# YOUR INSTRUCTIONS
Reprint the lines below as they are, minus the pictures.

# SUPPLIED MATERIAL
========

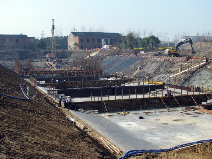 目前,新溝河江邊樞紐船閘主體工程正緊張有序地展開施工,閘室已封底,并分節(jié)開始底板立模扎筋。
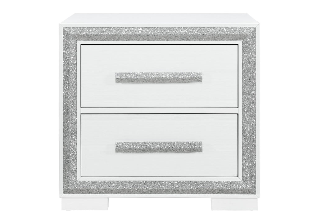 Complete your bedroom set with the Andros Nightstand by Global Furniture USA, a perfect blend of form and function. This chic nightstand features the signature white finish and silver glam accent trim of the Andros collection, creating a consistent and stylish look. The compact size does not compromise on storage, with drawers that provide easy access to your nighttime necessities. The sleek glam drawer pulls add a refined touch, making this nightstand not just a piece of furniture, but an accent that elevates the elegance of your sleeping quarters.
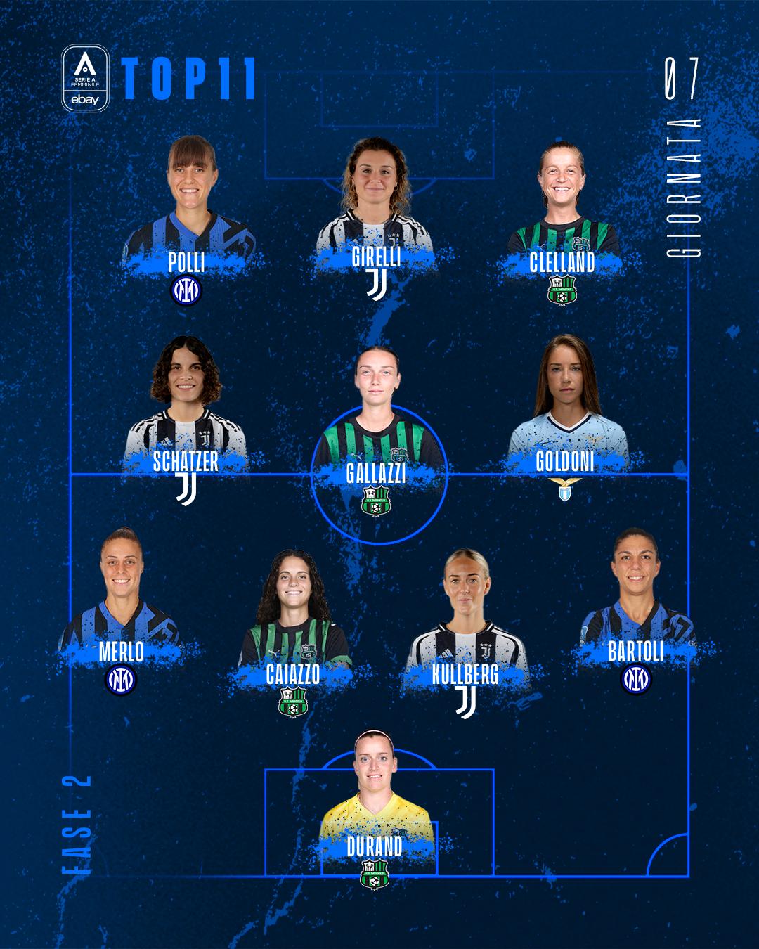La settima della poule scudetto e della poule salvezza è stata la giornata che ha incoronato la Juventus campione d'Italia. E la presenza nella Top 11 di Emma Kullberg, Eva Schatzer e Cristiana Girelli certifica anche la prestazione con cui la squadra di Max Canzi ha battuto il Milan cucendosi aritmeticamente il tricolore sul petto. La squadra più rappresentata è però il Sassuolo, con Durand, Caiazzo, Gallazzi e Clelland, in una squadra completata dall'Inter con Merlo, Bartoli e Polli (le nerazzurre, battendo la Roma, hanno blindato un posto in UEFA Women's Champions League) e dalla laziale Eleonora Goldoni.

========

# TASK ANSWER
 目前,新溝河江邊樞紐船閘主體工程正緊張有序地展開施工,閘室已封底,并分節(jié)開始底板立模扎筋。
 Complete your bedroom set with the Andros Nightstand by Global Furniture USA, a perfect blend of form and function. This chic nightstand features the signature white finish and silver glam accent trim of the Andros collection, creating a consistent and stylish look. The compact size does not compromise on storage, with drawers that provide easy access to your nighttime necessities. The sleek glam drawer pulls add a refined touch, making this nightstand not just a piece of furniture, but an accent that elevates the elegance of your sleeping quarters.
La settima della poule scudetto e della poule salvezza è stata la giornata che ha incoronato la Juventus campione d'Italia. E la presenza nella Top 11 di Emma Kullberg, Eva Schatzer e Cristiana Girelli certifica anche la prestazione con cui la squadra di Max Canzi ha battuto il Milan cucendosi aritmeticamente il tricolore sul petto. La squadra più rappresentata è però il Sassuolo, con Durand, Caiazzo, Gallazzi e Clelland, in una squadra completata dall'Inter con Merlo, Bartoli e Polli (le nerazzurre, battendo la Roma, hanno blindato un posto in UEFA Women's Champions League) e dalla laziale Eleonora Goldoni.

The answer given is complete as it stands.